I’m working on a project where in I need to match two sets of structured data using Gpt-4o model. Since the data is large , I process them in chunks and send them sequentially to avoid Token rate limits.
The agent takes two input files.
The issue I’m facing:
- The first few chunks give accurate results(Max-2 or 1), correctly classifying transactions into three categories (exact match, possible match, unmatched).-(Sometimes here also some rows are missed)
- But as the processing continues, the quality drops—some matches are inconsistent, and the responses become less structured.
How I’m Handling Chunking & API Calls:
- Splitting data into chunks of ~50 records each.
- Processing each chunk separately by sending it to GPT-4o via
ChatCompletion.acreate()
. - Introducing a delay (2s) between API calls to avoid rate limits.
- Final pass: Any unmatched records from the first pass are processed again.
What I’ve Tried:
Adjusting chunk size (tried from 30 to 100 records).
Sent only the required columns needed for matcching to reduce input.
Lowering temperature
to 0.2 for consistency.
Including a system prompt to enforce structured JSON output.
Ensuring consistent formatting across chunks.
Adding a retry mechanism for API failures.
Questions:
- Why might the model’s response degrade as more chunks are processed?

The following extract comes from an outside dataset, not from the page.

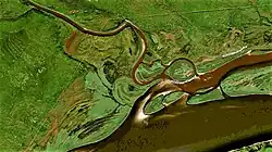 The Namanа is a left tributary of the Lena flowing through uninhabited territory. It is formed at the confluence of the Usttaakh and Orguy rivers in the Lena Plateau. It heads across the plateau through a narrow valley, meandering increasingly. After descending into the floodplain it flows in a roughly southern direction within a wide basin dotted with lakes. Finally it meets the left bank of the Lena 2,044 kilometres (1,270 mi) from its mouth, 50 kilometres (31 mi) northeast of the city of Olyokminsk. The river basin is fed by rain and snow. Floods are common in the summer period.[1][4][5]

- Is there a better approach to ensure consistency across multiple API calls?
- Is there any other alternative where i can upload full data instead of chunking
- Do you know about any other method which is fast and efficient and also trustable as record data contains financial work
Any insights or best practices for handling LLM-based 2 files (excel) matching tasks with large structured datasets would be greatly appreciated!